Dehesa alrededor del pueblo
El paisaje que rodea Gallegos de Argañán es la dehesa típica del suroeste salmantino. Encinas, algo de roble en ciertas zonas, praderas abiertas y fincas delimitadas por paredes de piedra o alambradas.
Si sales caminando por los caminos rurales es fácil ver milanos o buitres planeando alto, sobre todo en días despejados. Entre las hierbas se mueven conejos y perdices, aunque suelen desaparecer rápido en cuanto oyen pasos.
El arroyo Gallegos atraviesa parte del término municipal. No siempre lleva mucha agua, especialmente al final del verano, pero en primavera el entorno se vuelve más verde y el sonido del agua se oye entre las piedras.
Caminos de tierra y carreteras tranquilas
Para recorrer los alrededores no hacen falta rutas señalizadas. Hay muchas pistas agrícolas que salen del propio pueblo y se pierden entre fincas. Eso sí, conviene respetar cancelas y lindes porque buena parte del terreno es privado y está en uso.
Un paseo sencillo es salir temprano o al atardecer, cuando baja el calor y el campo se llena de sonidos: cigarras en verano, cencerros de ganado a lo lejos, algún perro ladrando desde una nave.
También hay carreteras secundarias con muy poco tráfico que conectan con otros pueblos cercanos. En bicicleta se recorren bien porque el terreno es bastante suave. La primavera suele ser el momento más agradecido para moverse por aquí: el pasto está alto, las encinas más verdes y todavía no aprieta el calor.
En verano el paisaje cambia por completo. El cereal se vuelve amarillo y el sol cae fuerte desde media mañana.
Cerca de Ciudad Rodrigo y de Portugal
Gallegos de Argañán está a unos quince kilómetros de Ciudad Rodrigo. En coche se llega en poco tiempo, y es una buena combinación si se quiere añadir algo de patrimonio histórico al viaje: murallas, calles antiguas y más movimiento que en los pueblos de alrededor.
La frontera portuguesa también queda muy cerca. De hecho, en esta parte de Salamanca es habitual que la gente cruce de un lado a otro con naturalidad.

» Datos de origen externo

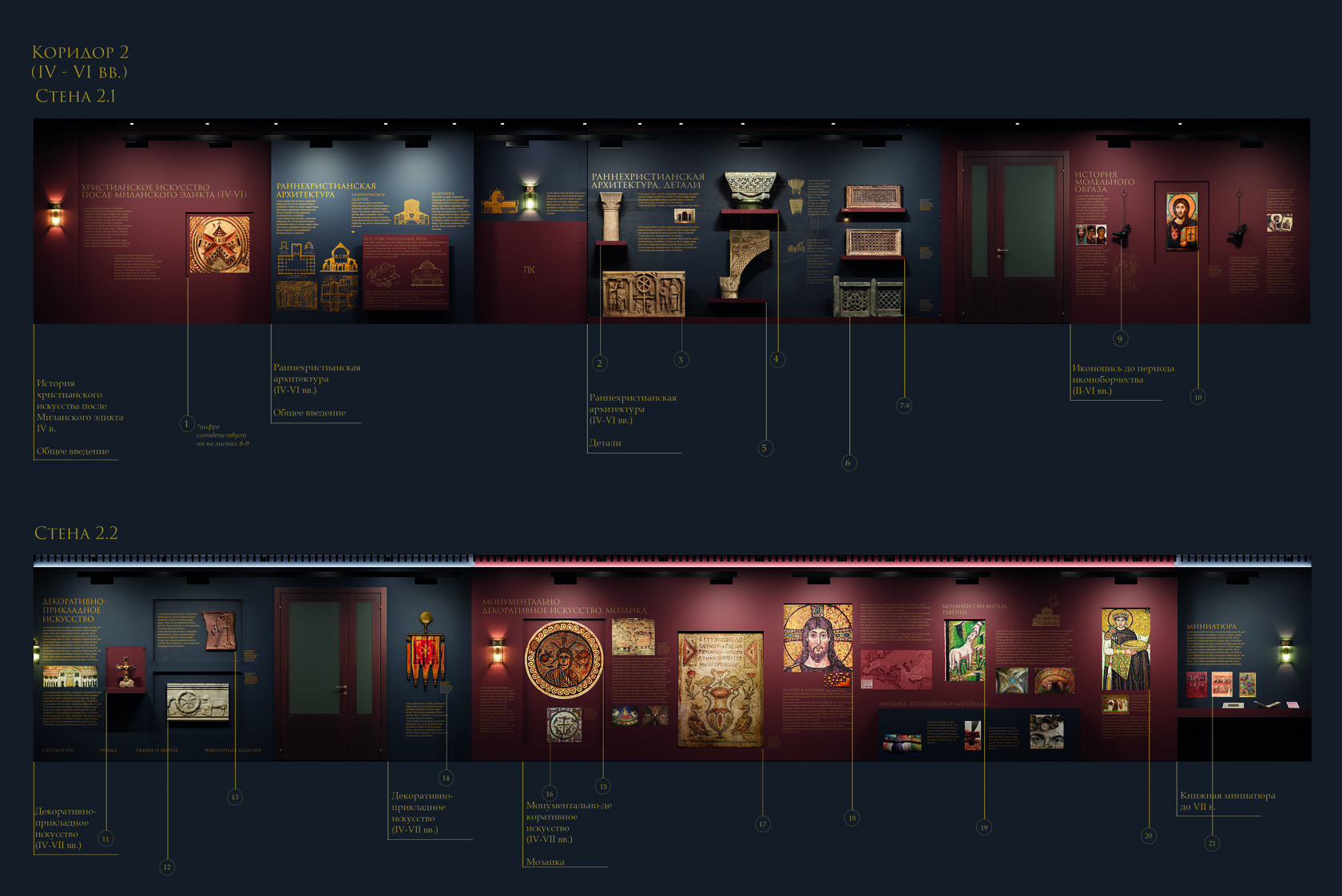 Экспозиция коридора посвящена становлению и развитию раннехристианской архитектуры, декоративно-прикладных и монументально-декоративных видов искусства. Отдельными блоками вынесены темы становления и развития иконописного образа и христианской миниатюры.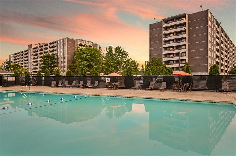 The market-rate complex built in the early 1970s and comprises three eight-story buildings on a 20-acre site, a community room, outdoor pool, gym, basketball court and tennis court.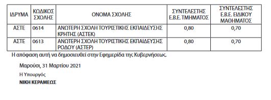 Kαθορισμός του συντελεστή Ελάχιστης Βάσης Εισαγωγής (Ε.Β.Ε.) ως προϋπόθεση συμμετοχής των υποψηφίων στις Πανελλήνιες 2021 στη διαδικασία επιλογής για εισαγωγή στις σχολές των Α.Σ.Ε.Ι. και Α.Σ.Σ.Υ., στη Σ.Σ.Α.Σ., στις σχολές της Αστυνομικής και Πυροσβεστικής Ακαδημίας, στις Α.Ε.Ν., στις σχολές Δοκίμων Σημαιοφόρων Λιμενικού Σώματος και Λιμενοφυλάκων, καθώς και στις Α.Σ.Τ.Ε. του Υπουργείου Τουρισμού

Fiestas y costumbres del calendario rural
Las fiestas patronales suelen celebrarse alrededor del 15 de agosto, dedicadas a la Virgen de la Asunción. Son días en los que el pueblo cambia bastante: regresan familiares, se montan verbenas y las calles tienen más movimiento que el resto del año.
En enero se mantienen las hogueras de San Antón, una tradición muy ligada al mundo ganadero. Se queman montones de ramas y, tradicionalmente, se bendecían los animales.
El resto del año transcurre sin prisa. No hay grandes eventos ni programaciones pensadas para atraer visitantes. La vida sigue el ritmo del campo, de las estaciones y de las tareas diarias.